» **What the task requires**:
Repeat the listing verbatim. Drop any pictures.
:: Information provided ::
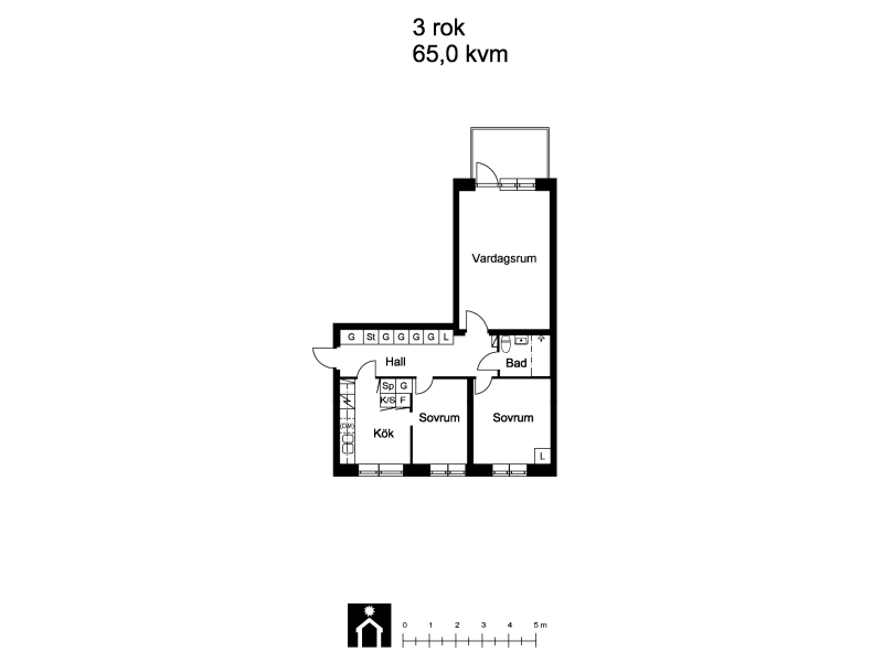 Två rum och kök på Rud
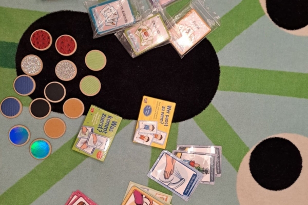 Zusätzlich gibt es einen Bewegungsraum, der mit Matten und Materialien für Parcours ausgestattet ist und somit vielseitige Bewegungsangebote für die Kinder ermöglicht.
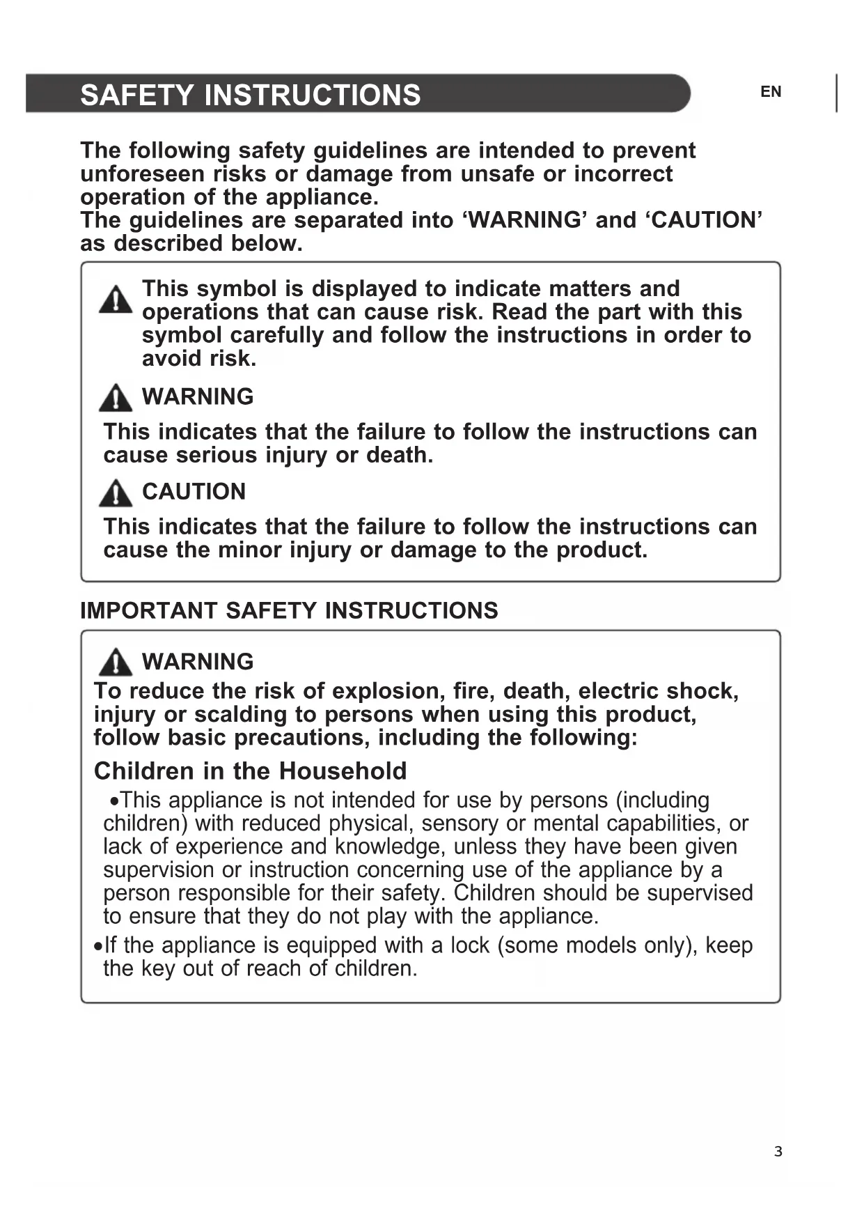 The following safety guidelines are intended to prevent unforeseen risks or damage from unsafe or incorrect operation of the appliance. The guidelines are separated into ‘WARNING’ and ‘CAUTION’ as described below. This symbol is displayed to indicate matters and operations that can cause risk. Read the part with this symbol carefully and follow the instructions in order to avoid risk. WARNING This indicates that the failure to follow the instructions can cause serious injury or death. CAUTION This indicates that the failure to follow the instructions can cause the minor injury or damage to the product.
:::
» **Solved exercise**:
 Två rum och kök på Rud
 Zusätzlich gibt es einen Bewegungsraum, der mit Matten und Materialien für Parcours ausgestattet ist und somit vielseitige Bewegungsangebote für die Kinder ermöglicht.
 The following safety guidelines are intended to prevent unforeseen risks or damage from unsafe or incorrect operation of the appliance. The guidelines are separated into ‘WARNING’ and ‘CAUTION’ as described below. This symbol is displayed to indicate matters and operations that can cause risk. Read the part with this symbol carefully and follow the instructions in order to avoid risk. WARNING This indicates that the failure to follow the instructions can cause serious injury or death. CAUTION This indicates that the failure to follow the instructions can cause the minor injury or damage to the product.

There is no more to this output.